Task statement: Take the material below and output exactly the run of lines from the one containing "Je to velká" down to the one containing "右上への一回転した上昇矢印 勢いのあるマジックの手描き風 黒色ver.", with both included.

Records shown:
- - - - -

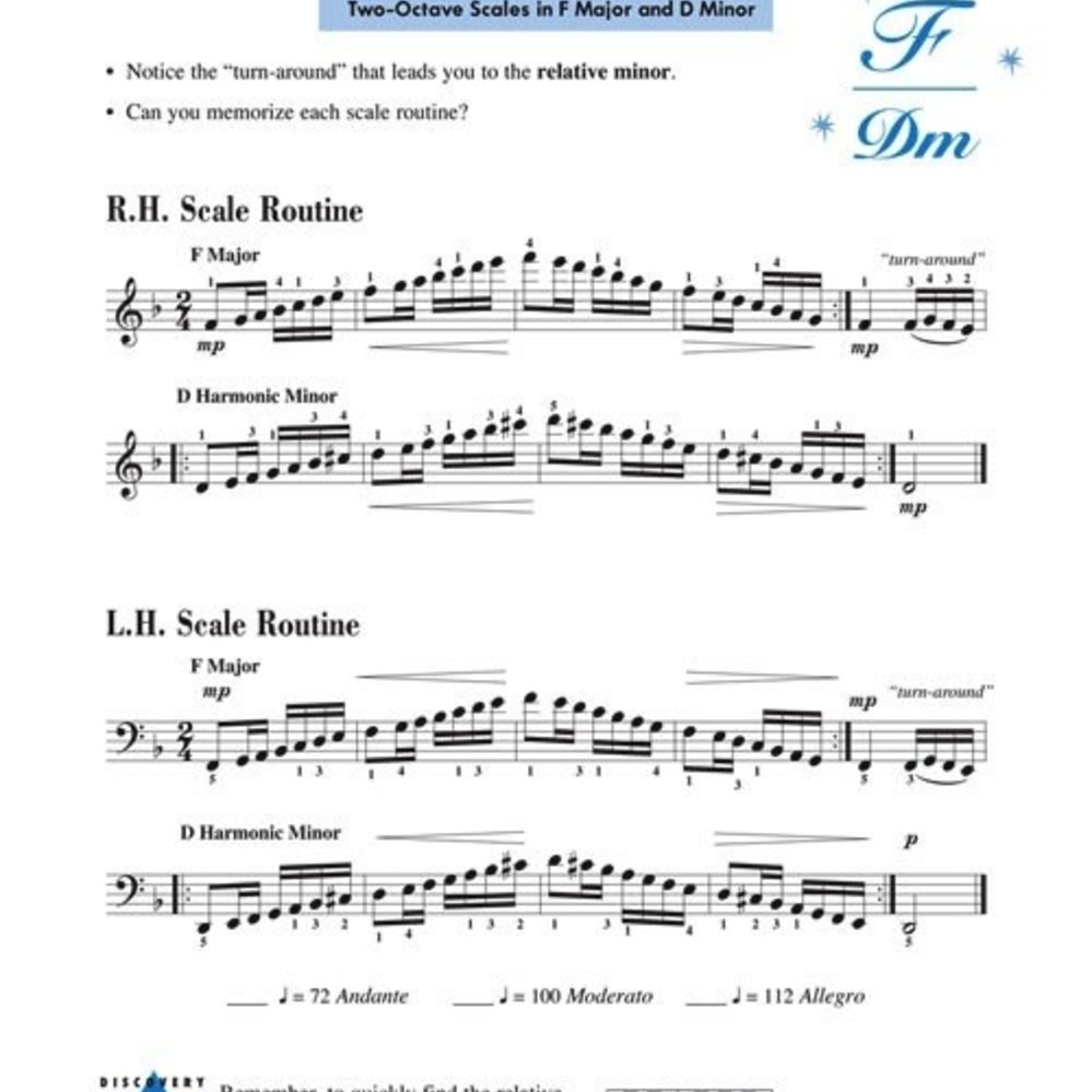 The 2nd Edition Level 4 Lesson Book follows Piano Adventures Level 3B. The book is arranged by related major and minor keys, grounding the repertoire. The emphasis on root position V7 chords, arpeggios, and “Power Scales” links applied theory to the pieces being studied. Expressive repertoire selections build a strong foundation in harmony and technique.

- - - - -

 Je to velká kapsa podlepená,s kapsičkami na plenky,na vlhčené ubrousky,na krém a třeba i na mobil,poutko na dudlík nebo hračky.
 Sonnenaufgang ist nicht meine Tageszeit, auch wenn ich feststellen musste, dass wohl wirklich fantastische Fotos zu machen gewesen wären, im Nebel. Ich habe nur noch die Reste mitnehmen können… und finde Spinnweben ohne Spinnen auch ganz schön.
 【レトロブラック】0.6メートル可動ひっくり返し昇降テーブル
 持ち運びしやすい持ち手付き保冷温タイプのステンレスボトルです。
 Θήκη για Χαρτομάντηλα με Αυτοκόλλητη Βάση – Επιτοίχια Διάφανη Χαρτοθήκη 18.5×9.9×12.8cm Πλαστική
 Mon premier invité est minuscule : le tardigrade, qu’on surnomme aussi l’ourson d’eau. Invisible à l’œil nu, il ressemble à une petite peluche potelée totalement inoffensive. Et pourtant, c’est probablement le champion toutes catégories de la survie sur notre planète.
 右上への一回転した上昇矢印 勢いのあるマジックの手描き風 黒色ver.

- - - - -

Answer box:
 Je to velká kapsa podlepená,s kapsičkami na plenky,na vlhčené ubrousky,na krém a třeba i na mobil,poutko na dudlík nebo hračky.
 Sonnenaufgang ist nicht meine Tageszeit, auch wenn ich feststellen musste, dass wohl wirklich fantastische Fotos zu machen gewesen wären, im Nebel. Ich habe nur noch die Reste mitnehmen können… und finde Spinnweben ohne Spinnen auch ganz schön.
 【レトロブラック】0.6メートル可動ひっくり返し昇降テーブル
 持ち運びしやすい持ち手付き保冷温タイプのステンレスボトルです。
 Θήκη για Χαρτομάντηλα με Αυτοκόλλητη Βάση – Επιτοίχια Διάφανη Χαρτοθήκη 18.5×9.9×12.8cm Πλαστική
 Mon premier invité est minuscule : le tardigrade, qu’on surnomme aussi l’ourson d’eau. Invisible à l’œil nu, il ressemble à une petite peluche potelée totalement inoffensive. Et pourtant, c’est probablement le champion toutes catégories de la survie sur notre planète.
 右上への一回転した上昇矢印 勢いのあるマジックの手描き風 黒色ver.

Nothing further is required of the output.